Okay, then we shouldn't be talking about imaginary laws that the Jews had to follow that you have no evidence for existing.
Where does the NT refer to slaves then? Not to bondservants, but to slaves.
If the Bible doesn't mention something, then the Bible ignored it. Maybe Christianity didn't ignore it, but the Bible did. So where is this "common knowledge"? It wasn't common knowledge amongst Romans or Jews that slavery was wrong, so it had to be a new idea that came along with Christianity. Where is your reference that slavery being wrong was common knowledge amongst Christians?

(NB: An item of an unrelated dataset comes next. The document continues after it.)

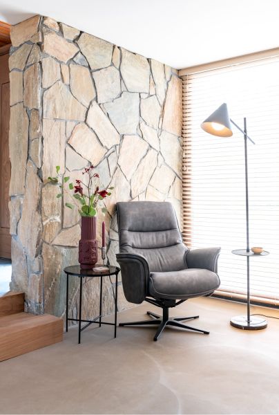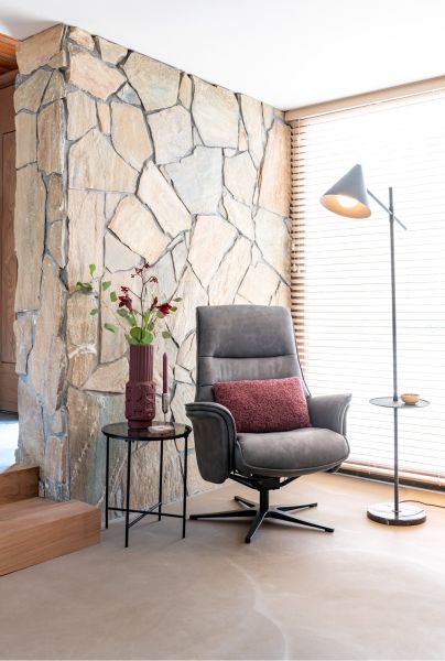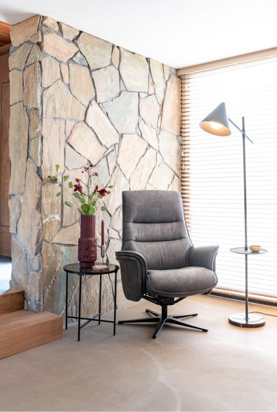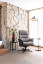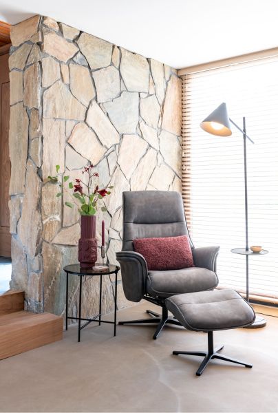 Deze manuele relaxfauteuil Lotis met bijhorende poef heeft een fijne sterpoot, twee comfortabele armleuningen en twee mooie horizontale sierstiksels in de rug. Ook het manuele kantelsysteem van deze relaxfauteuil is best ingenieus, omdat het systeem een meebewegende rugleuning heeft met extra ondersteuning bovenaan. Op vlak van design is deze fauteuil dus al zeker geslaagd, maar ook op vlak van comfort is deze Lotis een hoogvlieger, want de poef krijg je er standaard bij! Deze fauteuil is uitgevoerd in microvezelstof Pala en is verkrijgbaar in twee kleuren: lichtgrijs of antraciet. Hier zien we de uitvoering in antraciet!

You argument is circular. Because the masters were Christians, they wouldn't own slaves, because Christians don't own slaves, and that's how you know they weren't supposed to. Why did the Christian masters know they weren't supposed to own slaves?
You said that it is because Romans controlled commerce that we know they didn't allow Jews to buy slaves. That is non-sequitur. There is nothing special about slavery in that statement. We could apply that logic to any product that Jews wanted to purchase. If you want to claim that Jews weren't allowed to purchase slaves, you need to show me a reference to a Roman law that says they couldn't or a reference to a Jew talking about a such a restriction. Otherwise it is imagined.
I can see you are putting quite an effort into proving the immorality of certain cultural aspects of 3500-year-old civilizations, not to mention that Paul seemed to be focused on personal relationships rather than hot-button issues of our day such as equality.
But why think the Bible is reducible to a moral code?
Given that it claims to be both Divine and Human in origin, why think authors didn't have freedom to represent their prescientific view of science, or premedical view of medicine, or that in a world where ever culture had slaves that the ancient Israelites would limit the abuses of slavery and maximize the benefits (safety, food, shelter, for the poor and dispossessed)?
By misrepresenting the point of the collection of books as a moral code, you created a straw man.
Secondly, you are quibbling over word usage when you could have pointed out that tradition has it that the Torah was written by a murderer (Moses), and a good portion of Psalms was written by a murderer (David), and a good portion of the New Testament was written by an accomplice to murder (Paul, chased down many Christian leaders, and imprisoned them, some of which were stoned to death).
When ever you transport a modern view back into history as a way to judge that culture, you have committed the fallacy of anachronism.
Clearly the Bible is written, not as a moral code but as a variety of experiences having to do with God or his people written by over 40 authors, from Kings to outlaws, criminals to heroes, the poorest to the richest, spanning 1500+ years.
You can get Christians to argue due to their lack of knowledge about your particular fallacies or intuition about your rhetorical strategies, sure. But why not ask Christians questions that would anchor your premises?
1. What is the nature of the Bible?
2. How is it different that other religious books?
3. What is the nature of "The Law," as recorded in the OT?
4. Is that Law a universal moral code?
5. Why did the authors of the Old and New Testaments only interact mildly about great social injustices? (This may not be the case)
6. Why did Christians creat the first:
Elder hostiles
Orphanages
Hospitals
Shelters for the poor
If their scriptures didn't even provide freedom for slavery?
7. Why did the Jews treat foreigners, widows, orphans, poor, infirm so much better than all their neighboring cultures?
If in fact one is a "seeker," one would expect questions about the nature of the thing one is seeking, rather than strawman constructions popular to individuals's go are clearly not seeking (New Atheists).
Seekers don't defend fallacious propaganda. Propagandist do.
The New Atheist never tire, but "seekers" learn and change their arguments into sound ones.